• [What you are asked to do] Leave out the images and repeat the listing below without a single change.
========================
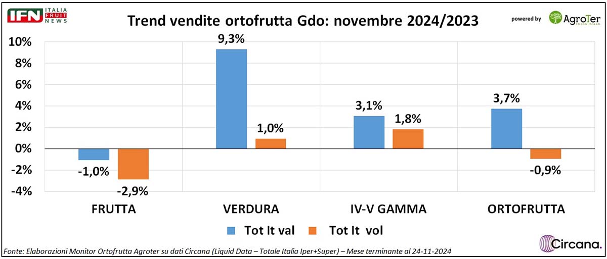 Novembre è tradizionalmente considerato un mese "morto" per le vendite di ortofrutta e i dati del reparto in ipermercati e supermercati lo confermano: -0,9% a volume. A trainare il calo è la frutta, che registra una flessione significativa (-2,9%), mentre la verdura (+1%) e, soprattutto, la IV-V Gamma (+1,8%) mostrano una crescita, seppur insufficiente a risollevare l'intero comparto.
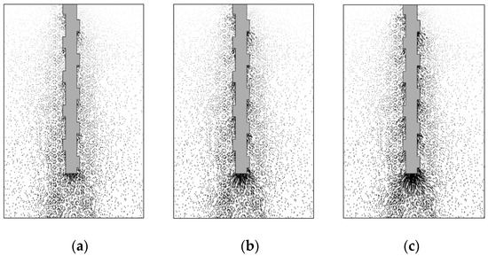 Distribution of stress field of screw-groove pile under different loads: (a) 1.78 kN, (b) 3.56 kN, and (c) 4.71 kN.
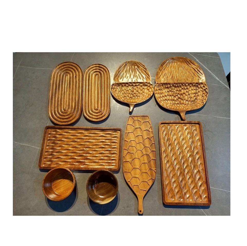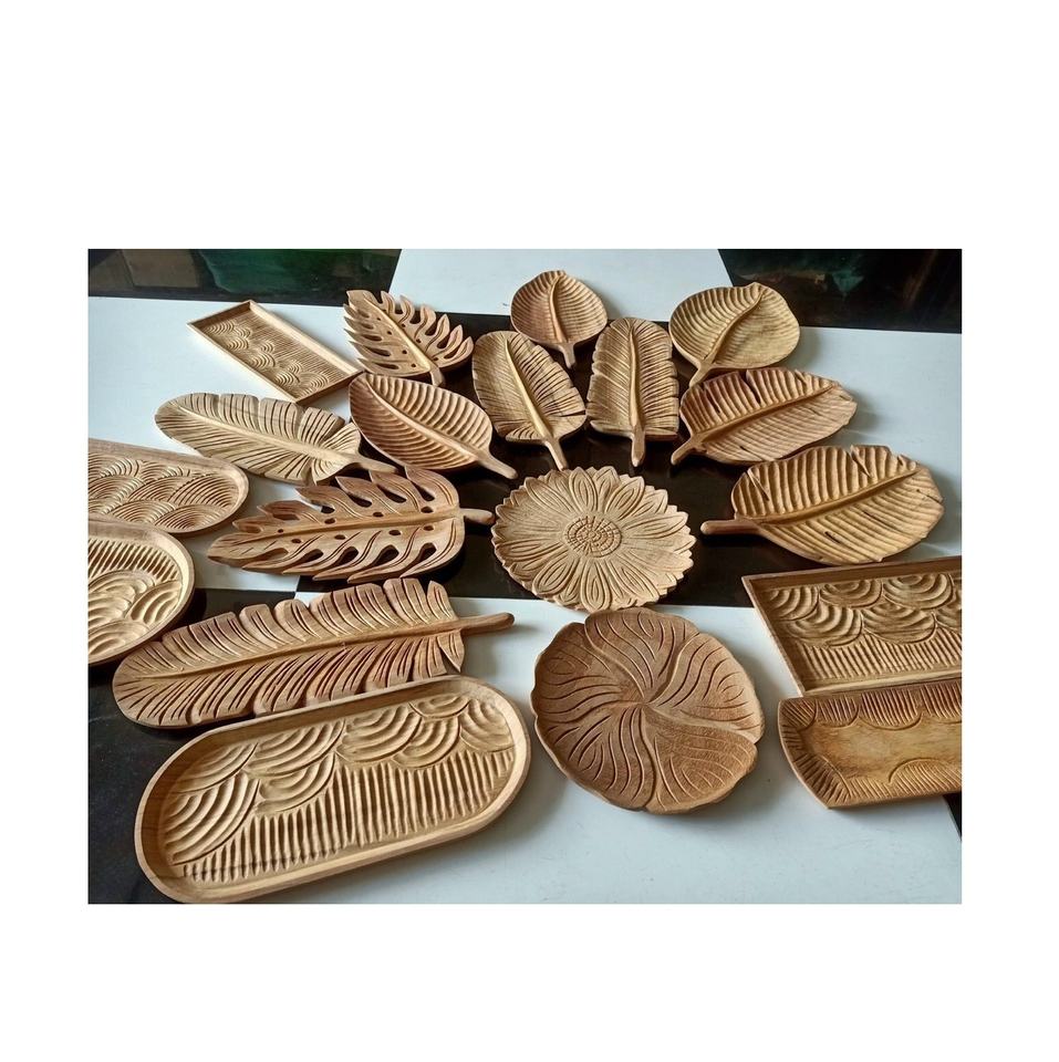 ถาดไม้พร้อมที่จับสำหรับจัดเก็บเค้กผลไม้ของขวัญ/ถาดไม้พร้อมที่จับรูปใบไม้เครื่องครัวที่บ้าน
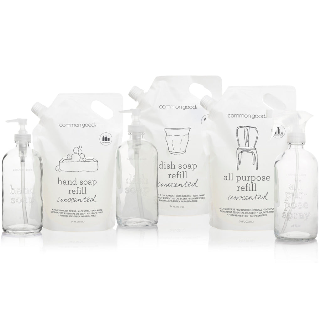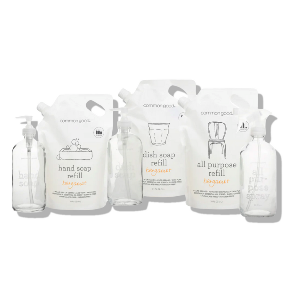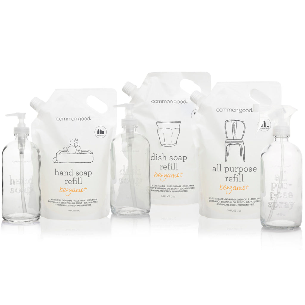 Eco-friendly starter set with refill pouches for All-Purpose, Dish, and Hand Soap plus three reusable glass bottles. Perfect for a low-waste home.
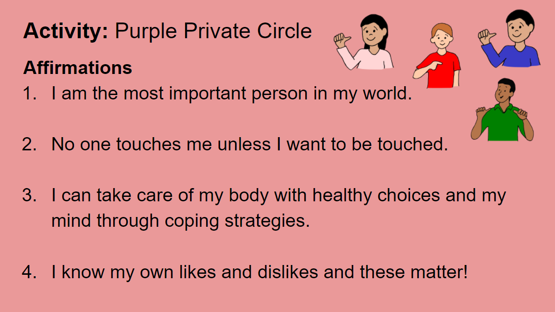 Sharing in the remote setting has really helped my students expand their verbal skills. Having students share about feelings, accomplishments and what they have learned is helpful in developing self-compassion. When students share what they have done during small groups, it gives me the opportunity to highlight what they have been learning and reassure students that they are making progress when learning feels difficult. In the “Purple Private Circle” lesson, I had students share about what makes them feel important or special. I plan on teaching the lesson again and have them share about hobbies or what they do to take care of themselves. This lesson is a good jumping off-point for continuing life skills instruction and covering content such as healthy eating and hygiene. This is another area that can be repeated, especially if you are using the Circles visual with the colors and the different pictures of people placed in the appropriate areas.
========================
• [Written solution]
 Novembre è tradizionalmente considerato un mese "morto" per le vendite di ortofrutta e i dati del reparto in ipermercati e supermercati lo confermano: -0,9% a volume. A trainare il calo è la frutta, che registra una flessione significativa (-2,9%), mentre la verdura (+1%) e, soprattutto, la IV-V Gamma (+1,8%) mostrano una crescita, seppur insufficiente a risollevare l'intero comparto.
 Distribution of stress field of screw-groove pile under different loads: (a) 1.78 kN, (b) 3.56 kN, and (c) 4.71 kN.
 ถาดไม้พร้อมที่จับสำหรับจัดเก็บเค้กผลไม้ของขวัญ/ถาดไม้พร้อมที่จับรูปใบไม้เครื่องครัวที่บ้าน
 Eco-friendly starter set with refill pouches for All-Purpose, Dish, and Hand Soap plus three reusable glass bottles. Perfect for a low-waste home.
 Sharing in the remote setting has really helped my students expand their verbal skills. Having students share about feelings, accomplishments and what they have learned is helpful in developing self-compassion. When students share what they have done during small groups, it gives me the opportunity to highlight what they have been learning and reassure students that they are making progress when learning feels difficult. In the “Purple Private Circle” lesson, I had students share about what makes them feel important or special. I plan on teaching the lesson again and have them share about hobbies or what they do to take care of themselves. This lesson is a good jumping off-point for continuing life skills instruction and covering content such as healthy eating and hygiene. This is another area that can be repeated, especially if you are using the Circles visual with the colors and the different pictures of people placed in the appropriate areas.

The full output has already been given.